## PROBLEM TO WORK ON
Transcribe the data exactly. Pictures stay out.

═════ DATA UNDER STUDY

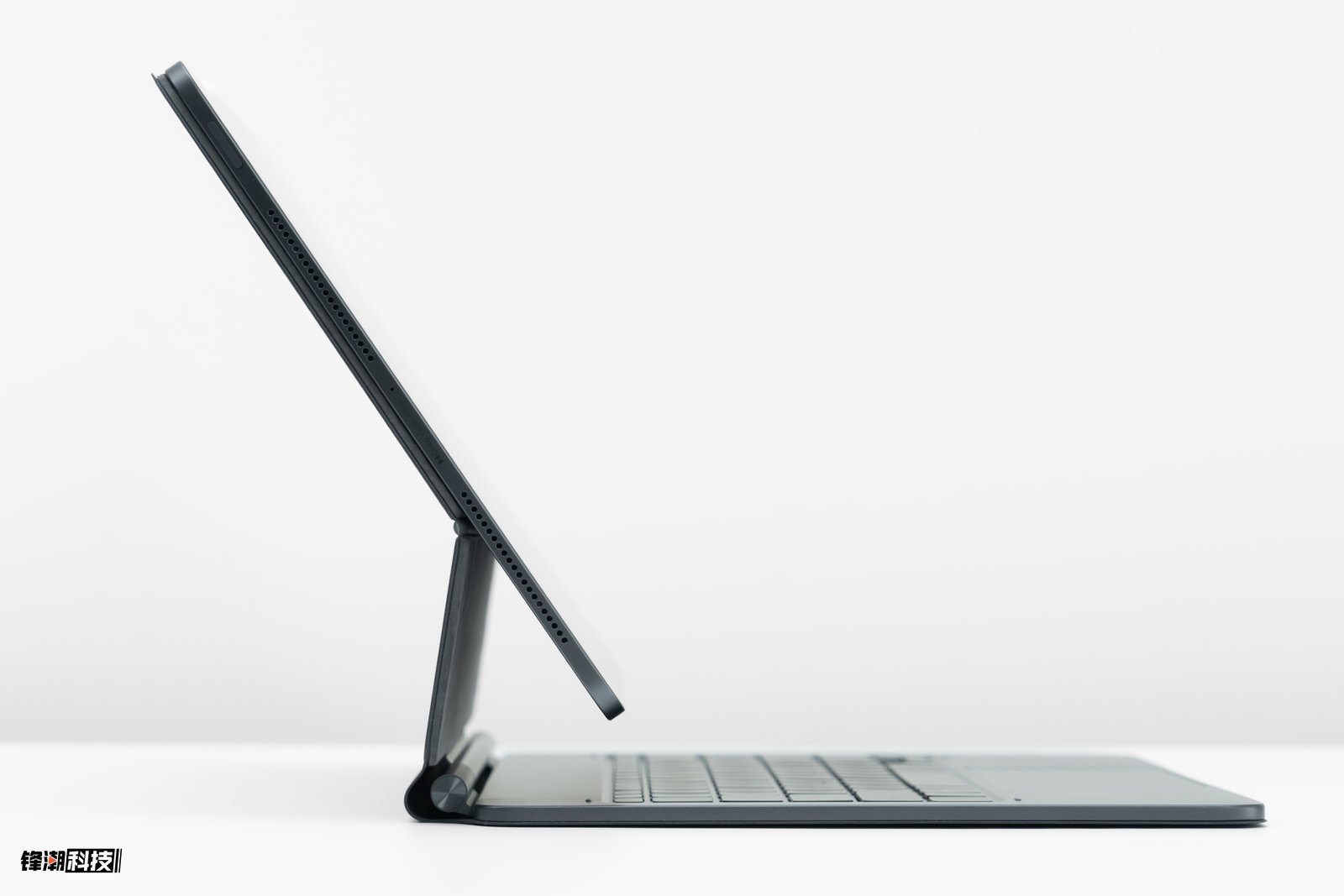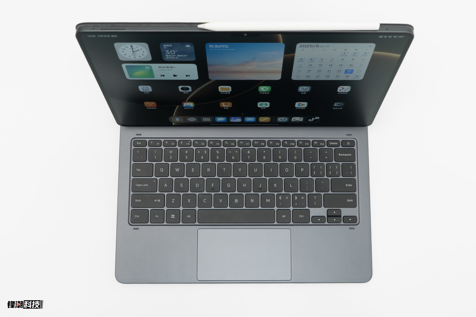 这一次小米平板 7 Ultra 的键盘盖配件也迎来了巨大的升级。首先,这款键盘盖换上了新的悬浮设计,不需要再打开背后的支架,也能获得更舒适的角度与输入姿势,体验还是相当不错的。
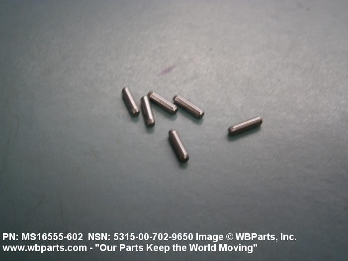 5315-00-702-9650 A headless, cylindrically-shaped item having a straight, smooth, solid body, with or without a drilled hole(s). It has an outside diameter equal to or less than its length. Its length must not exceed twelve inches (304 MM); for items whose length exceeds twelve inches (304 MM); see ROD, STRAIGHT, HEADLESS. It is used for aligning or transfer of torque and/or thrust, by fitting into corresponding holes of another item. See also PIN, STRAIGHT, THREADED.
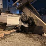 Kayseri’nin Melikgazi ilçesinde kontrolden çıkan otomobil takla atarak bir sitenin girişine daldı. Kazada sitenin duvarı ve girişindeki beton blok zarar görürken, sürücü yaralandı.
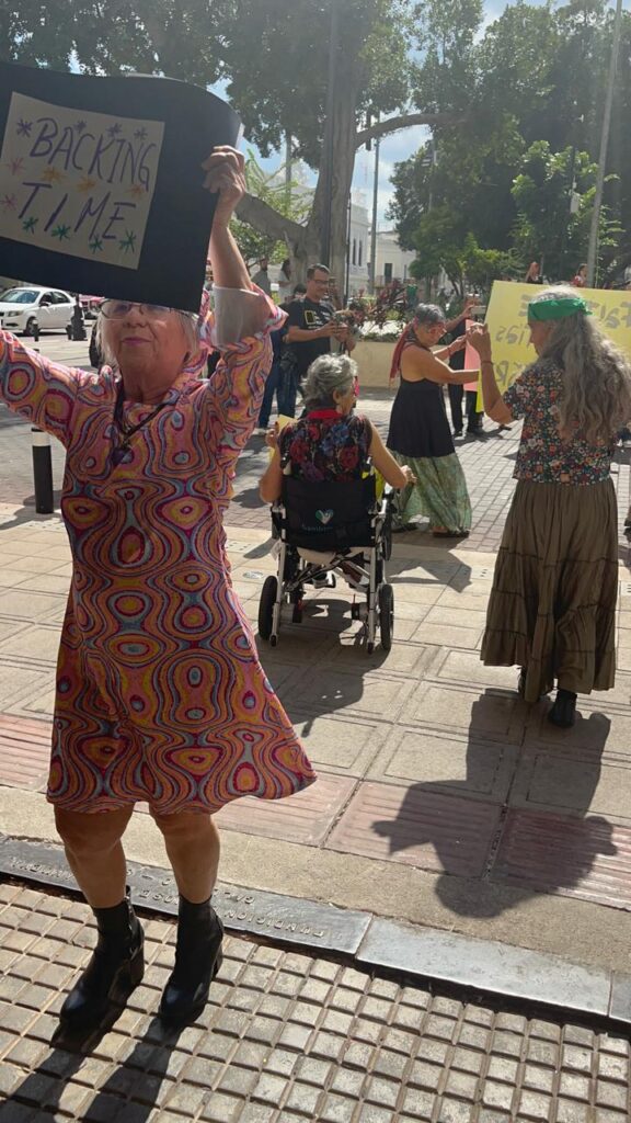 Y no… No regresé a los 70’s y hoy, en la previa del 25N, Día Mundial de la Eliminación de la Violencia contra la Mujer, las activistas del Frente por los Derechos de las Mujeres en Yucatán, bailaron, cantaron y gritaron justicia en las puertas del Palacio de Gobierno al ritmo de dos rolas emblemáticas de distintas épocas: “De reversa, mami”, de El Símbolo y la emblemática “Stayin’ alive” de Bee Gees.
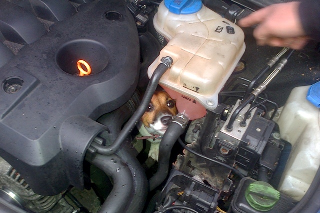 Το 3 μηνών τζακ ράσελ τεριέ με το όνομα Betty Boops κατάφερε να τρυπώσει στη μηχανή του αυτοκινήτου του Gavin Juliette από το Μάντσεστερ.
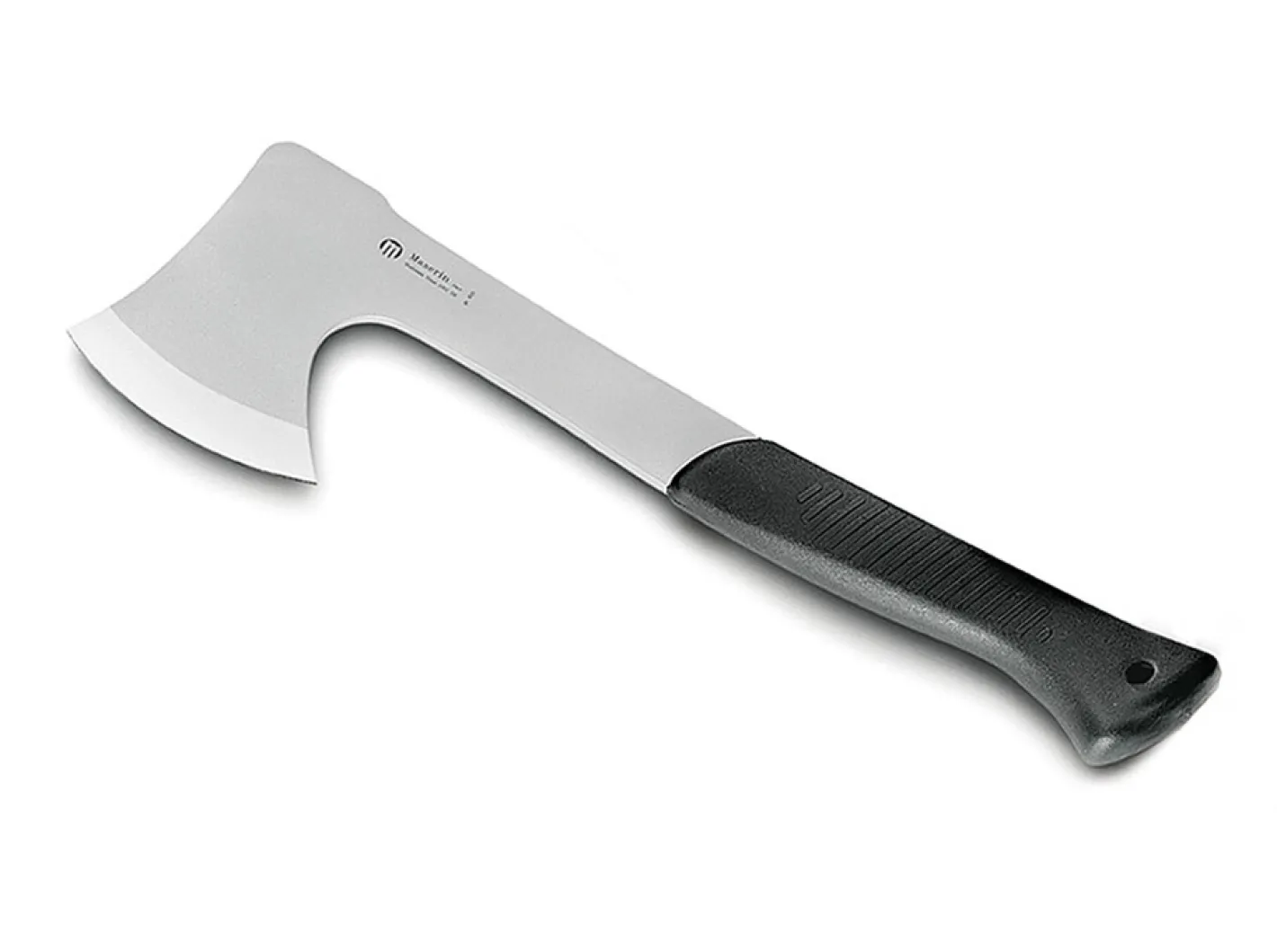 Die Maserin Accetta ist eine kleine und kompakte Axt, hergestellt aus einem Stück Stahl 420. Der rutschfeste Griff aus TPR liegt auch bei Nässe sicher in der Hand. Mit praktischer Lederscheide.
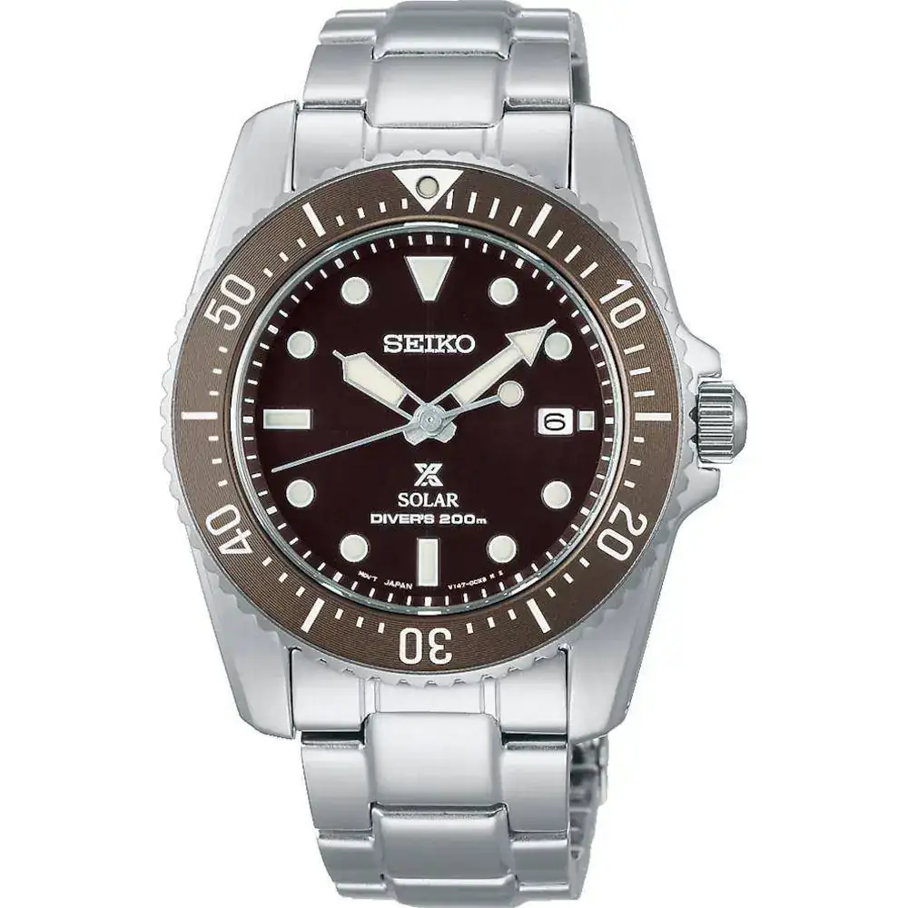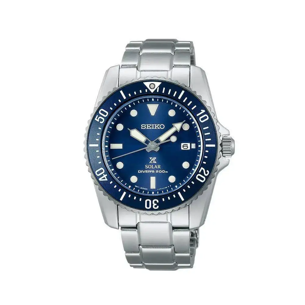 Cuarzo de 38mm, sin fecha ni números romanos. 300m, zafiro, brazalete de acero, superluminova, y calibre Seiko VH31 que se mueve a 4 alternancias por segundo. Y muy veraniego 👍
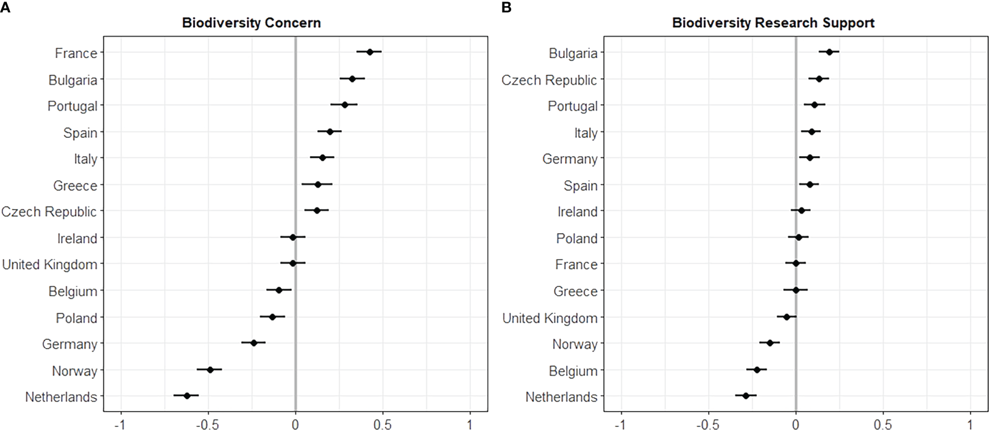Country-level intercepts (ranked from highest to lowest in each case) from final models predicting health-related concern for (A) marine species loss (Biodiversity Concern Model 1), and (B) support for health-related research funding into marine species protection (Biodiversity Research Model 2). Scores for each country represent divergence from the grand mean (with 95% confidence intervals) across all countries, and not absolute scores (so France was significantly above average for concern, whereas Netherlands was significantly below average).
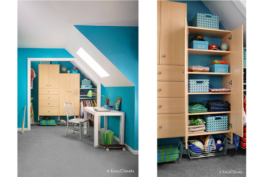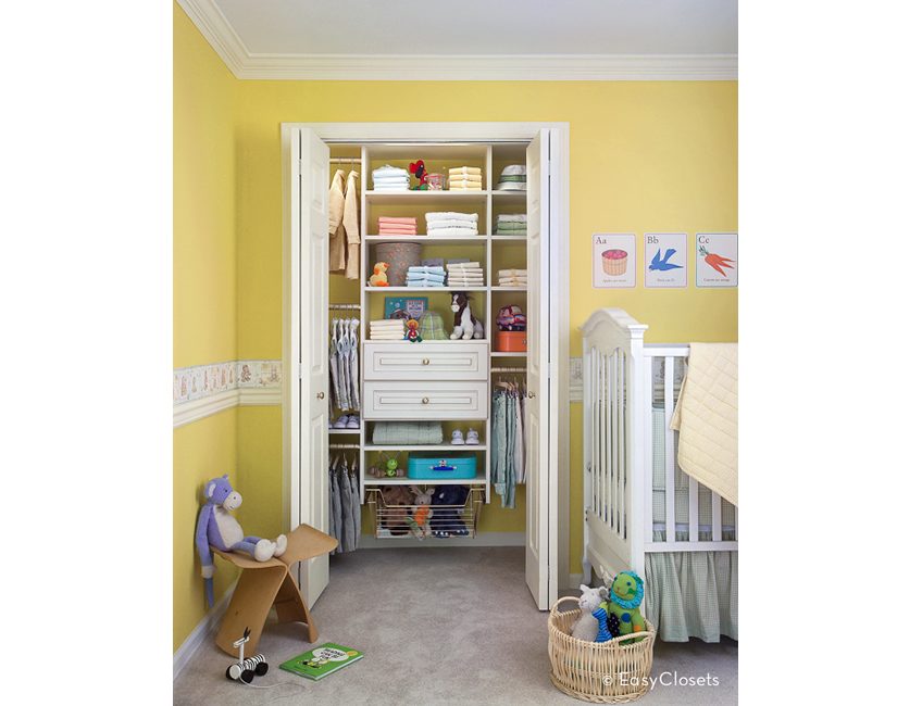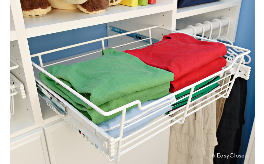 You should look at the closet from your child’s perspective. Most closet bars and shelves are at an adult height, which makes it difficult for your child to put things away on their own. You may want to consider lowering the bar, adding a second bar, or even adding additional child-height shelves. Bars and shelves can easily be adjusted as your child grows. With a few minor changes to the closet, your child will not have an excuse for not hanging up their clothes.

══════════

## THE COMPLETED TASK
 这一次小米平板 7 Ultra 的键盘盖配件也迎来了巨大的升级。首先,这款键盘盖换上了新的悬浮设计,不需要再打开背后的支架,也能获得更舒适的角度与输入姿势,体验还是相当不错的。
 5315-00-702-9650 A headless, cylindrically-shaped item having a straight, smooth, solid body, with or without a drilled hole(s). It has an outside diameter equal to or less than its length. Its length must not exceed twelve inches (304 MM); for items whose length exceeds twelve inches (304 MM); see ROD, STRAIGHT, HEADLESS. It is used for aligning or transfer of torque and/or thrust, by fitting into corresponding holes of another item. See also PIN, STRAIGHT, THREADED.
 Kayseri’nin Melikgazi ilçesinde kontrolden çıkan otomobil takla atarak bir sitenin girişine daldı. Kazada sitenin duvarı ve girişindeki beton blok zarar görürken, sürücü yaralandı.
 Y no… No regresé a los 70’s y hoy, en la previa del 25N, Día Mundial de la Eliminación de la Violencia contra la Mujer, las activistas del Frente por los Derechos de las Mujeres en Yucatán, bailaron, cantaron y gritaron justicia en las puertas del Palacio de Gobierno al ritmo de dos rolas emblemáticas de distintas épocas: “De reversa, mami”, de El Símbolo y la emblemática “Stayin’ alive” de Bee Gees.
 Το 3 μηνών τζακ ράσελ τεριέ με το όνομα Betty Boops κατάφερε να τρυπώσει στη μηχανή του αυτοκινήτου του Gavin Juliette από το Μάντσεστερ.
 Die Maserin Accetta ist eine kleine und kompakte Axt, hergestellt aus einem Stück Stahl 420. Der rutschfeste Griff aus TPR liegt auch bei Nässe sicher in der Hand. Mit praktischer Lederscheide.
 Cuarzo de 38mm, sin fecha ni números romanos. 300m, zafiro, brazalete de acero, superluminova, y calibre Seiko VH31 que se mueve a 4 alternancias por segundo. Y muy veraniego 👍
Country-level intercepts (ranked from highest to lowest in each case) from final models predicting health-related concern for (A) marine species loss (Biodiversity Concern Model 1), and (B) support for health-related research funding into marine species protection (Biodiversity Research Model 2). Scores for each country represent divergence from the grand mean (with 95% confidence intervals) across all countries, and not absolute scores (so France was significantly above average for concern, whereas Netherlands was significantly below average).
 You should look at the closet from your child’s perspective. Most closet bars and shelves are at an adult height, which makes it difficult for your child to put things away on their own. You may want to consider lowering the bar, adding a second bar, or even adding additional child-height shelves. Bars and shelves can easily be adjusted as your child grows. With a few minor changes to the closet, your child will not have an excuse for not hanging up their clothes.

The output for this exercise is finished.